Data Model: Overview
The data model in Vedana is the contract between your domain and the assistant. It describes which entities exist, what properties they have, and how they are connected. Without it the assistant only sees text; with it, it sees the structure of knowledge.
The data model is not the data, it’s the schema.

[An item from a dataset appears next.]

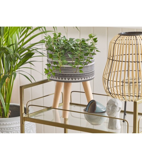 Ce charmant cache-pot est à la fois pratique et très décoratif. Il offre le support nécessaire à vos plantes et leur permet de gagner un peu en hauteur. Résistant à la météo, il peut servir daccessoire déco aussi bien sur votre terrasse ou balcon que dans votre salon. On craque pour ses trois petits pieds en bois et on l'imagine dans un intérieur scandinave ou bohème.
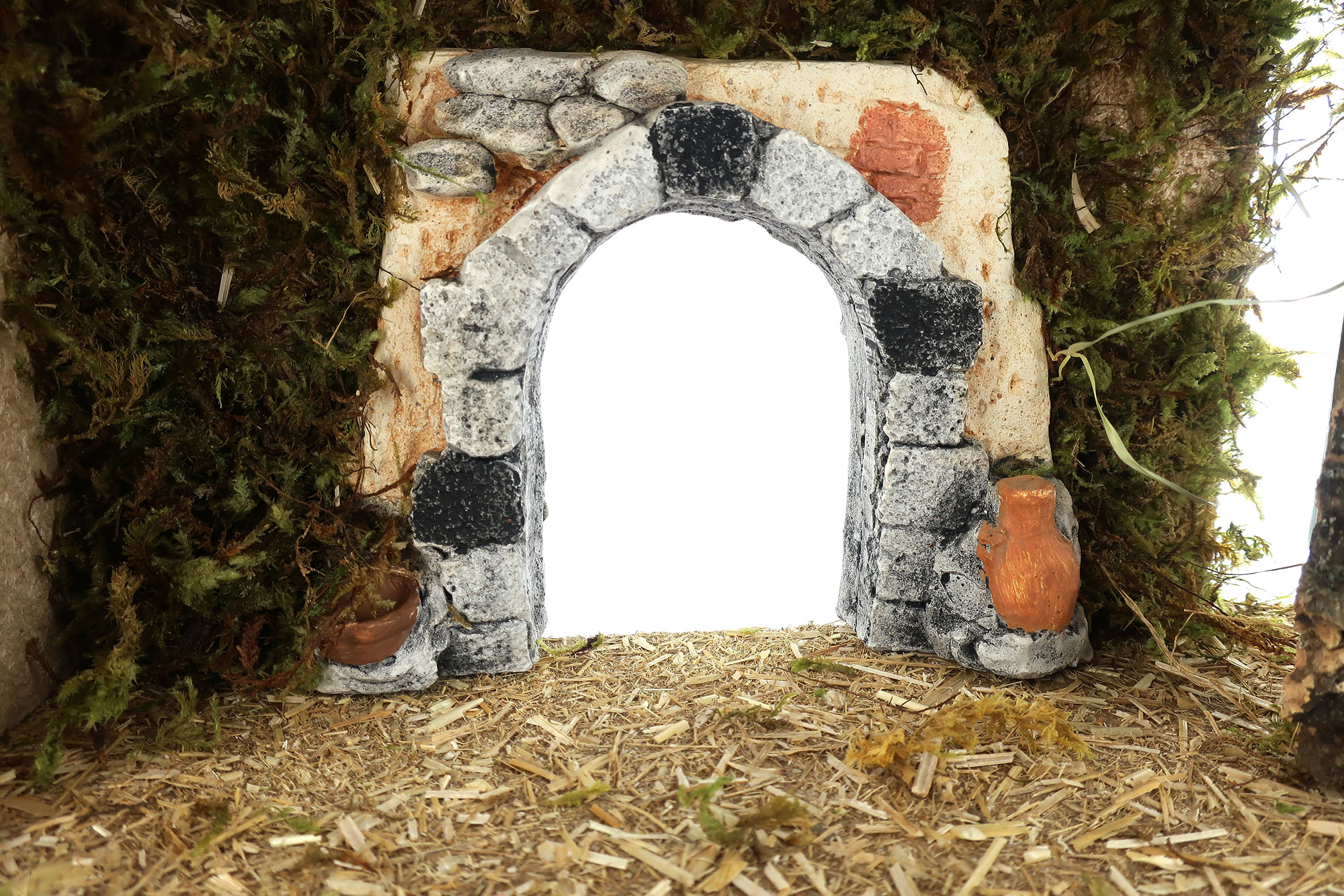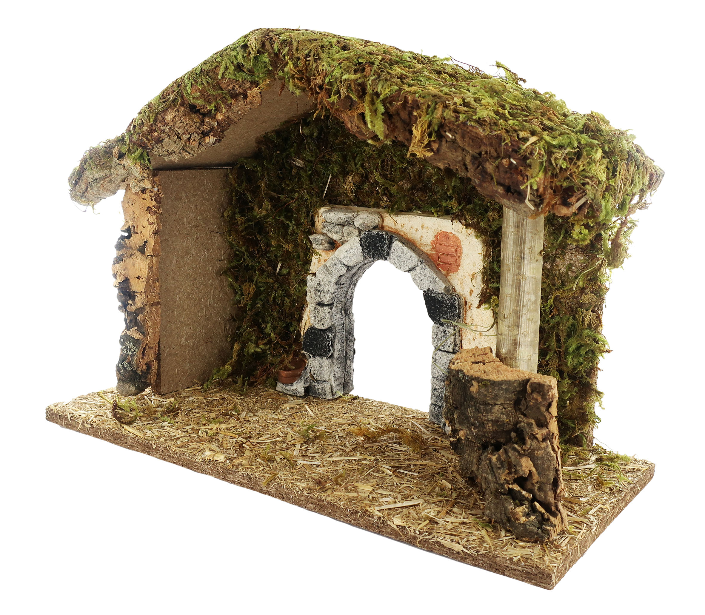 Capanna con Arco per Presepe, Vuota, Per Statuine da 10 Cm Non Incluse, Legno/Gesso, Multicolore, 36x15x24 Cm Circa

The data itself (products, documents, contracts, branches) lives in the Grist Data doc and is loaded into the graph through ETL. The data model lives in the Grist Data Model doc and describes how that data is interpreted.
The seven tables
| Table | Required? | Purpose |
|---|---|---|
| Anchors | yes | graph node types (domain entities) |
| Anchor_attributes | yes | properties of nodes |
| Links | yes | edge types (relationships) |
| Link_attributes | only if edges have attributes | properties of edges |
| Queries | no | the playbook — scenarios for typical questions |
| Prompts | no | overrides for prompt templates |
| ConversationLifecycle | no | responses to lifecycle events (/start, etc.) |
The minimum working data model is Anchors + Anchor_attributes + Links. Everything else extends behaviour but isn’t required for the system to start.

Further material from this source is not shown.